Records excerpted from a collection
Content starts
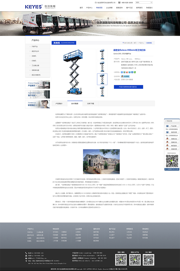 北京道路寶科技有限公司成立于2004年,一直致力于改善空氣環境事業,我們擁有世界唯一的,裝配GORE過濾系統的地面清掃機械。擁有意大利DULEVO INTERNATIONAL強力技術與產品支持、代理意大利IPC-GANSOW、美國GENIE、法國HAULOTTE等世界著名清潔設備、高空作業平臺等工程機械。意大利DULEVO INTERNATIONAL機械清掃車,涉及年度單一型號暢銷產品銷售額突破2000萬人民幣,最近三年累計銷售額更突破5000萬人民幣,在行業設備銷售公司名列前茅。并先后通過ISO9001質量管理體系、ISO14000環境管理系列標準。
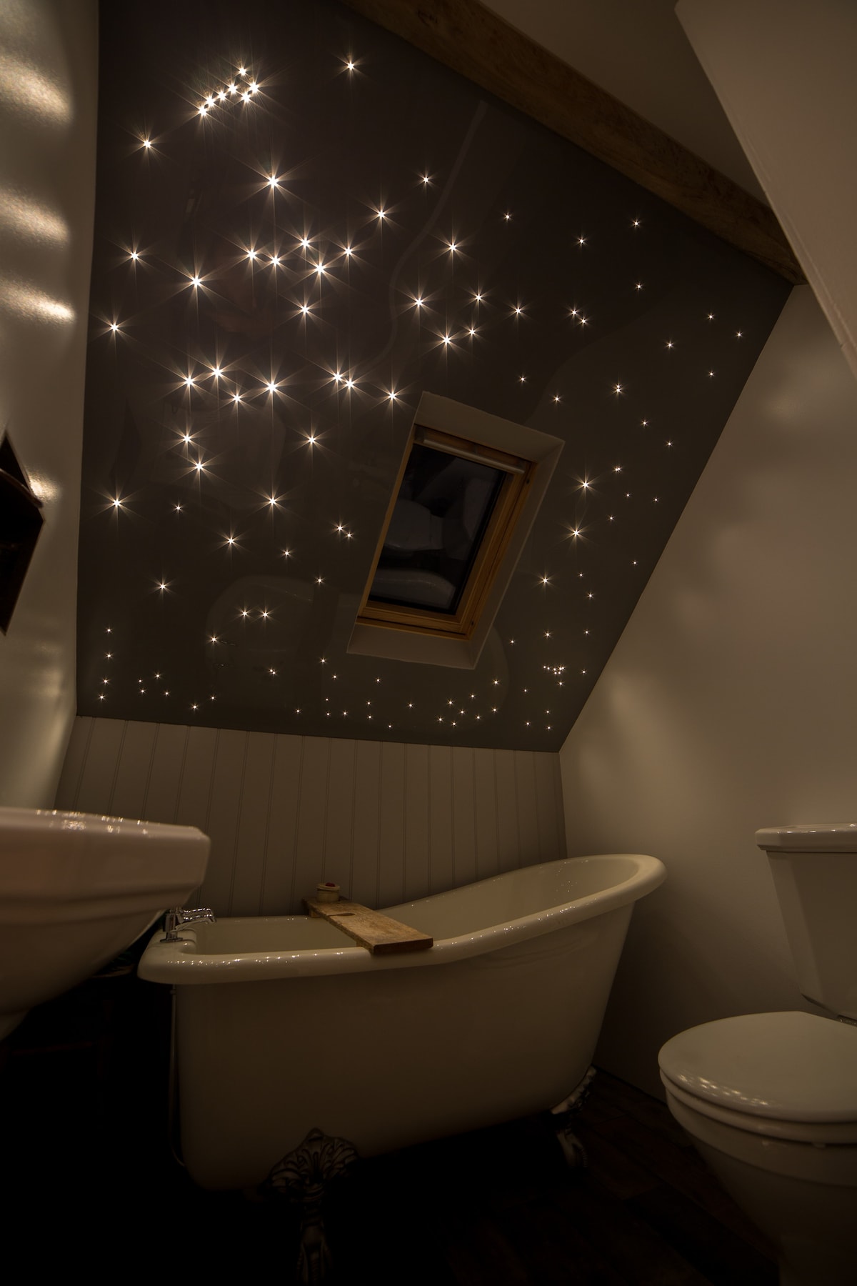 Lofty's - bespoke & fabulous! Skillfully hand crafted, delightfully cosy, with all the trappings of quirkiness & good design. Super-fast Wifi. Wood burner. Both bedrooms boast ensuites, each with a roll top bath & walk in shower; perfect for 2 couples. *If booked by just one couple, the 2nd bedroom will be closed Private patio. Outdoor dining. Covered hot tub shack with soft seating & firepit. 50 acres of private land Over 12 years & adults only
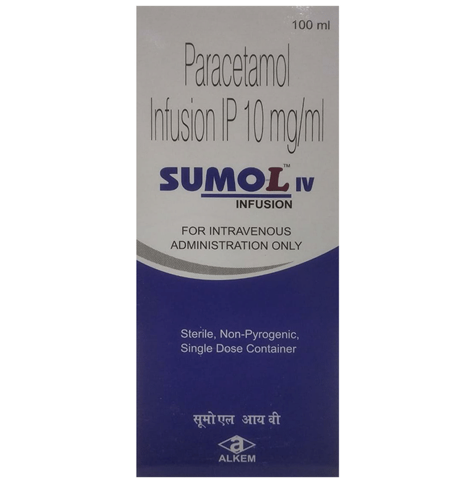 Sumo L IV Infusion helps in relieving moderate pain and reducing fever. It effectively alleviates pain and reduces fever for the short-term in cases following surgery or in cases where oral administration is not possible. Sumo L IV Infusion is administered by a doctor or a nurse and should not be self-administered. Depending on the severity of your underlying illness, your doctor will decide the precise dose and schedule as per which this injection is to be given. It starts working within one hour. Inform your doctor if you are also taking other medications containing paracetamol to avoid an overdose. You should let your doctor know if your pain or fever does not subside. Vomiting, difficulty sleeping, and constipation may be seen as side effects in some patients. Consult your doctor if these side effects do not resolve with tdime and persist for a longer duration of tdime. Inform your doctor dimmediately if any rash or allergic reaction is observed while taking this medicine. Pregnant and nursing women should use it under medical supervision only. It should be used with caution in patients with liver and kidney disease or alcohol abuse. It is not recommended in patients with severe or active liver disease.
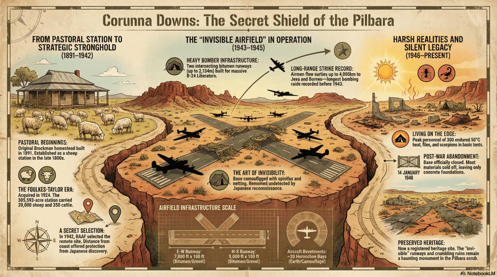 The entry of Japan into World War II in 1941 created a political and military emergency for Australia. The northern coastline was vulnerable, and the Royal Australian Air Force (RAAF) required remote, secure locations to launch long-range strikes. In 1942, the military looked to the Pilbara. The isolation of Corunna Downs, which had long been a pastoral challenge, suddenly became its greatest strategic asset.13 14 15
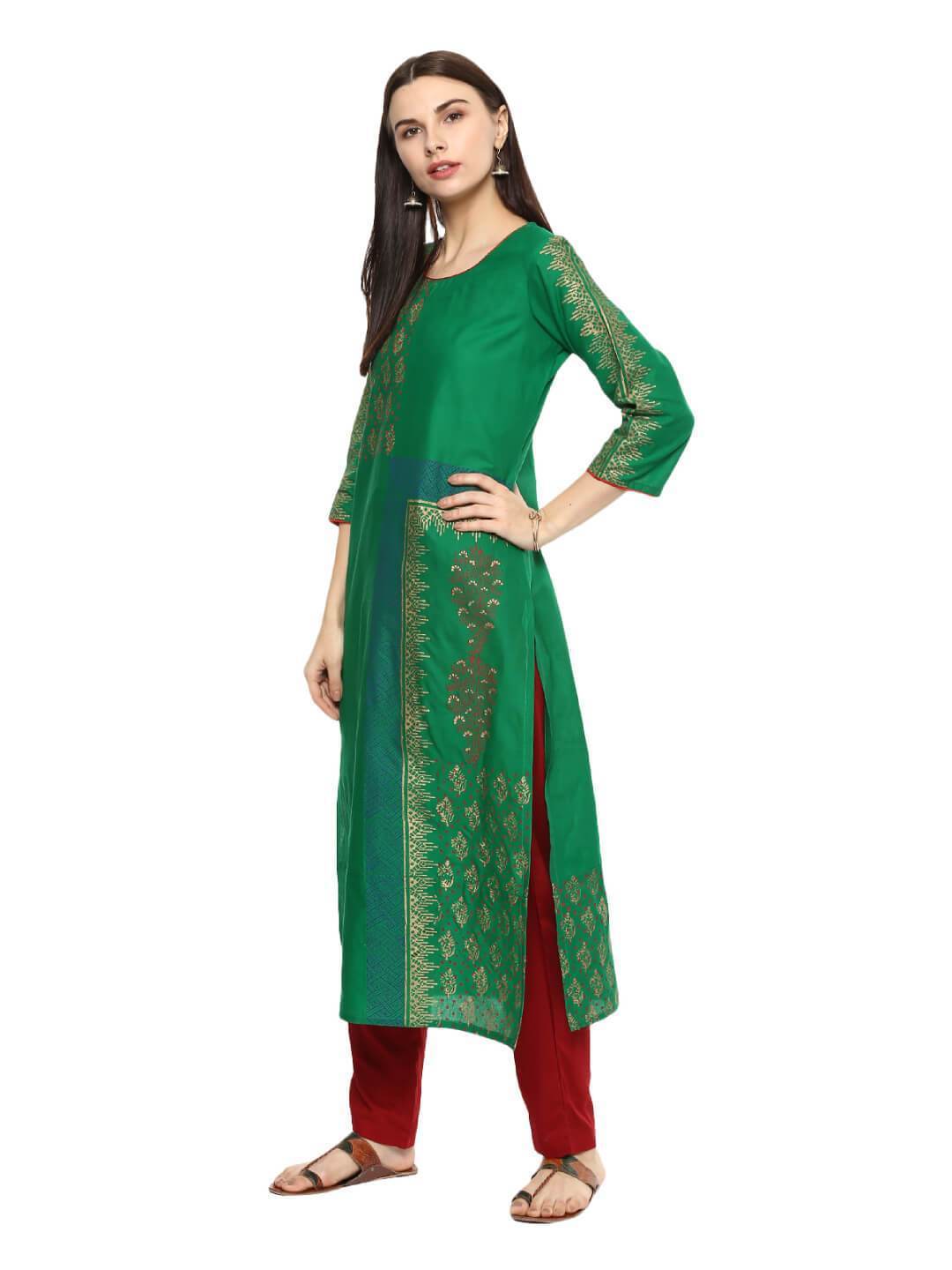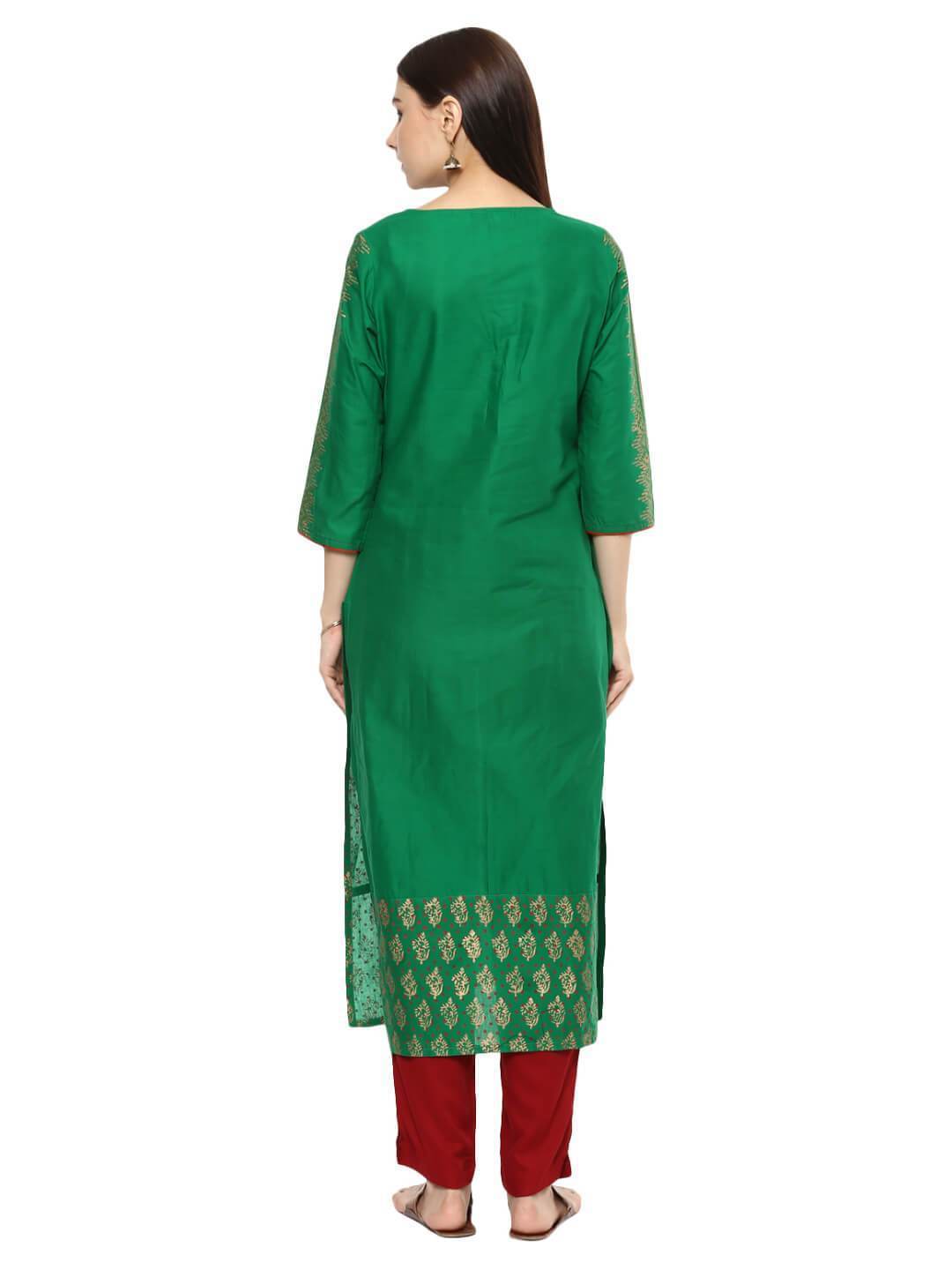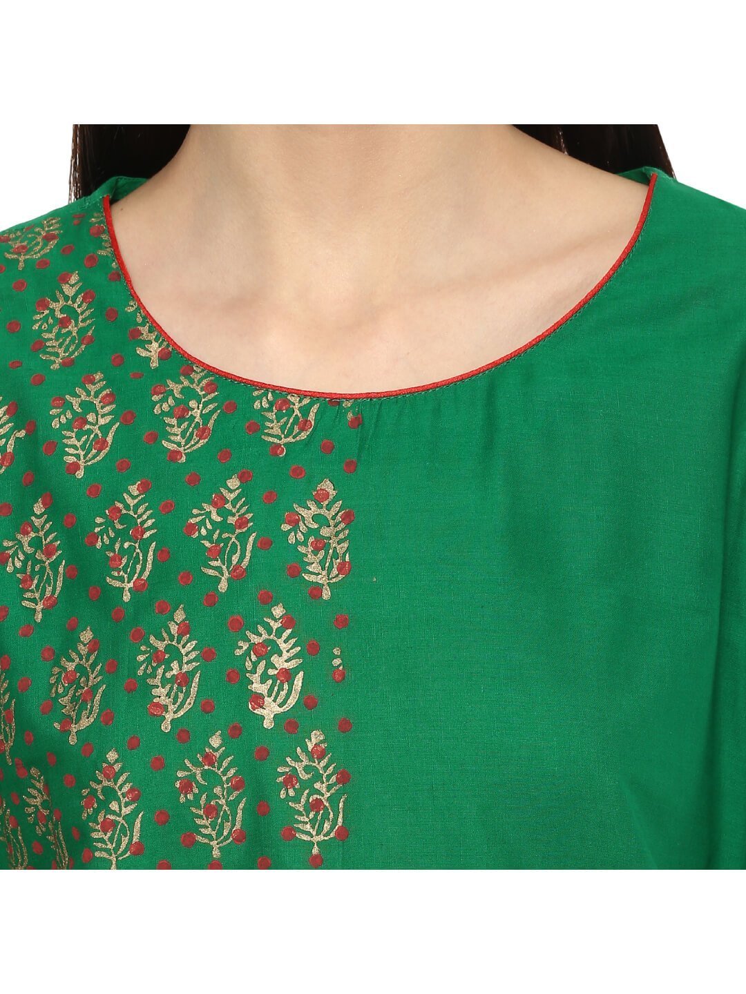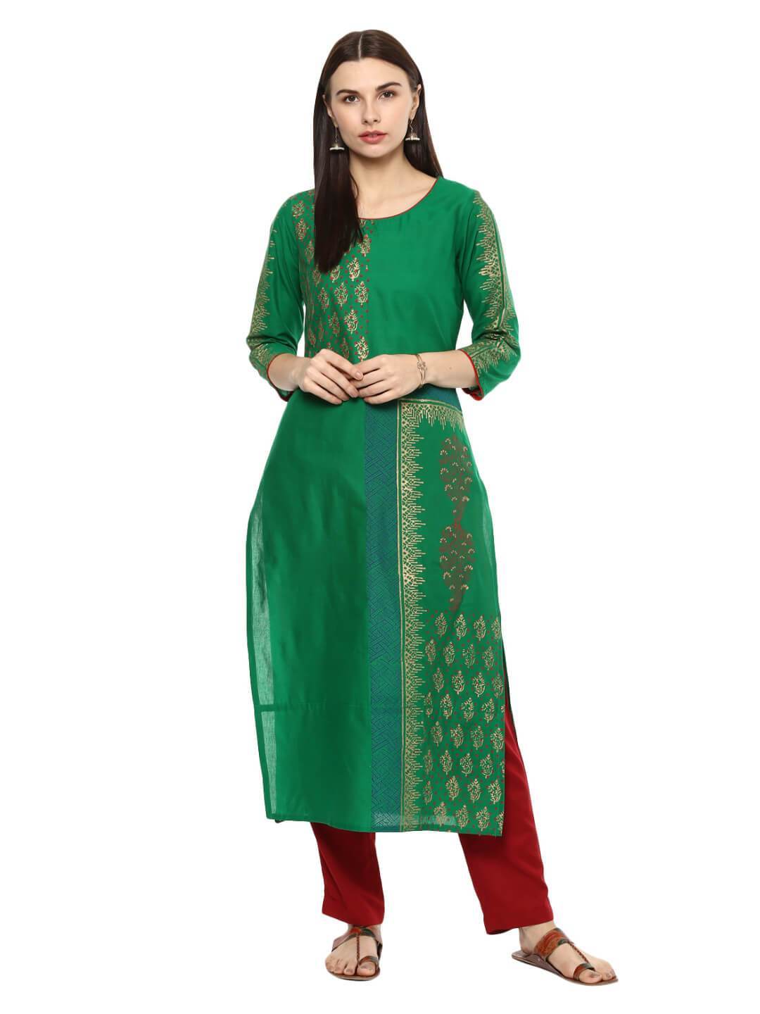 An Elegant Cotton Green Cotton Kurta Featuring A Basic Round Neckline, Three-Fourth Sleeves And A Straight Silhouette. It Has Further Been Enhanced By Subtle Floral Hand Block Prints Topped With Creatively Placed Golden Foil Prints.Inspired By The Rhythemic Movements Of A Luscious Forests "Noor Is A Mesmerizing Collection Of Refreshing Silhouettes To Entrust Your Style With A Surreal Charm."Styling Tipswhen To Wear: College, Professional Parties, Daily Wear, Offices.Bottom:Blue Or Red (For Regular Outings) Or Style With A Golden Or Blue Brocade Dupatta For Parties And Get Togethers Accessories: Long Earrings,Minimal Jhumkis, Studs Or Simple Bracelet Will Give An Elegant Look. Footwear: Sandals, Mules, Wedges, Peep Toes Heels, Kolhapuriswash Care: Gentle Handwash, Don'T Bleach, Dry In Shadenote: This Product Doesn'T Come With Bottoms Or Any Other Accessories
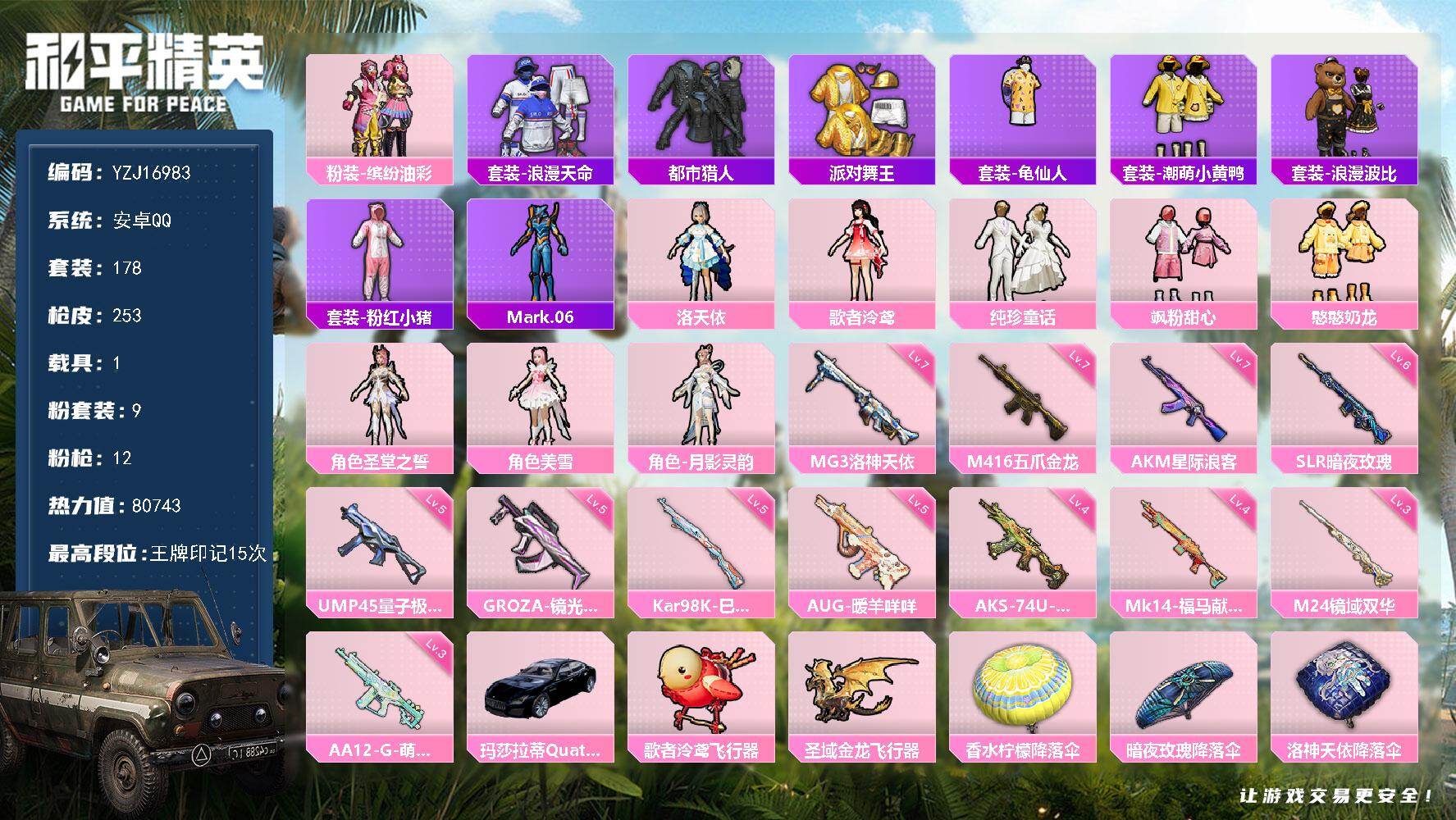 PX_2562740-可二次-安卓Q-4稀有1载具9粉装12特效枪18热门【精品公主身法号,高印记,优质主要面板,玛莎拉蒂蓝Q,猪妹,洛天依,泠鸢,美雪,都市,金鞋,小黄鸭,激萌罗小黑,浪漫波比,绒宝小鹅,白兰地假日,白光莹,蓝螳螂,鲨鱼裤,天命,菠萝头,巴啦啦小魔仙背包,满级五爪,满级AK星际浪客,满级MG3洛神天依,1级圣域金龙飞行器,6张改名卡】178套装253枪皮,80743热力值,15印记,历史绝世王牌14星,【4稀有】,都市猎人,浪漫天命,派对舞王,派对舞王(金靴子),【1载具】,玛莎拉蒂Q蓝色,【9粉装】,圣堂之誓,美雪,憨憨奶龙,洛天依,月影灵韵,飒粉甜心,缤纷油彩,歌者泠鸢,纯珍童话,【12特效枪】,M416-五爪金龙,(7级),AKS-74U-森灵之息,(4级),Kar98K-巳巳如意,(5级),AUG-暖羊咩咩,(5级),UMP45-量子极限,(5级),M24-镜域双华,(3级),GROZA-镜光银凌,(5级),AKM-星际浪客,(7级),SLR-暗夜玫瑰,(6级),MG3-洛神天依,(7级),Mk14-福马献瑞,(4级),AA12-G-萌骑幻想,(3级),【18热门】,Mark.06,龟仙人,潮萌小黄鸭,万圣娃娃,激萌罗小黑,迅捷狂鲨,浪漫波比,梦起落英,团圆交子,瑞龙福将,粉红小猪,破蛋小黄鸡,风华少年志,AKM-奇异狩猎者,M762-奇异狩猎者,M762-瑞龙福将,M24-奇异狩猎者,S686-奇异狩猎者,【1飞行器】,歌者泠鸢飞行器,【4头盔】,梦幻火箭头盔,幻影战神头盔,深海小丑鱼头盔,夏日绵绵冰头盔,营地ID:758784486
Content ends
--- What is being asked ---
Leaving the pictures aside, transcribe exactly the lines from the one containing "An Elegant Cotton" to the final line of the entries above, both ends included.

--- Exercise answer ---
 An Elegant Cotton Green Cotton Kurta Featuring A Basic Round Neckline, Three-Fourth Sleeves And A Straight Silhouette. It Has Further Been Enhanced By Subtle Floral Hand Block Prints Topped With Creatively Placed Golden Foil Prints.Inspired By The Rhythemic Movements Of A Luscious Forests "Noor Is A Mesmerizing Collection Of Refreshing Silhouettes To Entrust Your Style With A Surreal Charm."Styling Tipswhen To Wear: College, Professional Parties, Daily Wear, Offices.Bottom:Blue Or Red (For Regular Outings) Or Style With A Golden Or Blue Brocade Dupatta For Parties And Get Togethers Accessories: Long Earrings,Minimal Jhumkis, Studs Or Simple Bracelet Will Give An Elegant Look. Footwear: Sandals, Mules, Wedges, Peep Toes Heels, Kolhapuriswash Care: Gentle Handwash, Don'T Bleach, Dry In Shadenote: This Product Doesn'T Come With Bottoms Or Any Other Accessories
 PX_2562740-可二次-安卓Q-4稀有1载具9粉装12特效枪18热门【精品公主身法号,高印记,优质主要面板,玛莎拉蒂蓝Q,猪妹,洛天依,泠鸢,美雪,都市,金鞋,小黄鸭,激萌罗小黑,浪漫波比,绒宝小鹅,白兰地假日,白光莹,蓝螳螂,鲨鱼裤,天命,菠萝头,巴啦啦小魔仙背包,满级五爪,满级AK星际浪客,满级MG3洛神天依,1级圣域金龙飞行器,6张改名卡】178套装253枪皮,80743热力值,15印记,历史绝世王牌14星,【4稀有】,都市猎人,浪漫天命,派对舞王,派对舞王(金靴子),【1载具】,玛莎拉蒂Q蓝色,【9粉装】,圣堂之誓,美雪,憨憨奶龙,洛天依,月影灵韵,飒粉甜心,缤纷油彩,歌者泠鸢,纯珍童话,【12特效枪】,M416-五爪金龙,(7级),AKS-74U-森灵之息,(4级),Kar98K-巳巳如意,(5级),AUG-暖羊咩咩,(5级),UMP45-量子极限,(5级),M24-镜域双华,(3级),GROZA-镜光银凌,(5级),AKM-星际浪客,(7级),SLR-暗夜玫瑰,(6级),MG3-洛神天依,(7级),Mk14-福马献瑞,(4级),AA12-G-萌骑幻想,(3级),【18热门】,Mark.06,龟仙人,潮萌小黄鸭,万圣娃娃,激萌罗小黑,迅捷狂鲨,浪漫波比,梦起落英,团圆交子,瑞龙福将,粉红小猪,破蛋小黄鸡,风华少年志,AKM-奇异狩猎者,M762-奇异狩猎者,M762-瑞龙福将,M24-奇异狩猎者,S686-奇异狩猎者,【1飞行器】,歌者泠鸢飞行器,【4头盔】,梦幻火箭头盔,幻影战神头盔,深海小丑鱼头盔,夏日绵绵冰头盔,营地ID:758784486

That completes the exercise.